Возле губ Борисенко выбилась ироническая оборочка складок.
— Почему аж на две?
— Потому что не дурак выдумал, что береженного и бог бережет. Когда ты говоришь о недостатках, так сразу же говори, что это одиночные факты на фоне больших достижений. Иначе это может кому-то не нравиться, а во-вторых, за это может ухватиться заграница, и тогда…
Цыганское лицо Борисенко налилось гневом:
— Кому же нужна эта осторожность! Кому? Вы же ею только окрыляете негодяев, не вырываете сорняки, а готовите под них площадь и удобрение. И почему это мы должны в ущерб себе оглядываться на ту заграницу, которая ненавидит нас еще с семнадцатого года?

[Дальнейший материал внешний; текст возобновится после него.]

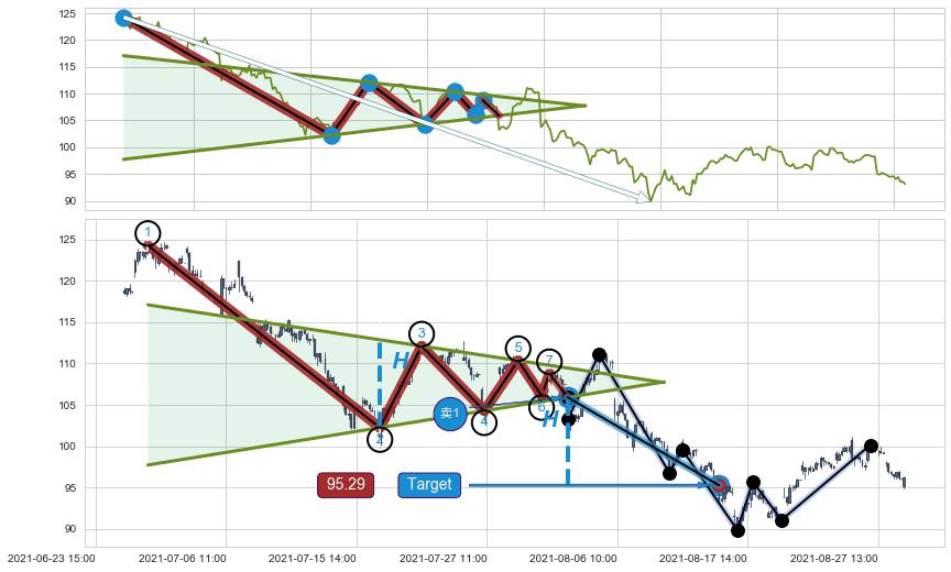 ➣ 【已达成】最小【整理】第一目标价格→(08-16:09: 95.29 ), 后续继续【整理】下跌动力依然存在,下跌空间适中

— Ну, это вопрос большой политики… — придал лицу выражение глубокомыслия. — И не горячись, Иван Артемович, потому что обожжешься. Ты ранняя пташка, а я стреляная птица. Гляди, чтобы за сегодняшний рассказ Бессмертного и тебе не икнулось. На фронте твой Марко мог играть в демократию, а здесь ему надо и зубы подточить, и язык укоротить. Уже один вид Бессмертного настораживает меня.
— Один вид? Чего же? — удивился Борисенко.
— Видел, ну, как бы тебе сказать, какая решительная независимость написана на его лице?
— Так, это не коллегиальное лицо! — не мог удержаться от шутки Борисенко, но это еще больше раздразнило Киселя.
— Не нравятся мне такие самостоятельные или самостийницкие лица, которые не любят признавать чью-то волю. Ох, эти мне украинские лица… — в голосе Киселя отозвались не только нехорошие намеки, а и отзвук того страшного подозрения, которое неизвестно кто каиновой нитью годами протягивал в саму основу нашей жизни. — Чует моя душа, что этот самостийник накличет беду и на свою, и на твою голову.
— Почему самостийник? Что за неразумные намеки и аналогии!? — вскипел Борисенко. — Он же, в конце концов, не петлюровец, а Герой Советского Союза! На нем места живого нет…
— И это еще не факт! — лицо Киселя стало таким многозначительным, будто он еще что-то знал о Марке, но до какого-то времени держал при себе.
Эту противную личину многозначительности и глубокомыслия на лице, которая прикрывала пустоту в голове, Борисенко уже научился распознавать и горячо обрушился на Киселя:
— А что же тогда для вас является фактом? Мерка осторожности, практика подозрения и философия страха? А я хочу видеть своих людей, свою землю без этих мертвенных теней. И чем скорее они покинут нас, тем красивее, тем сильнее, тем дружнее будем мы.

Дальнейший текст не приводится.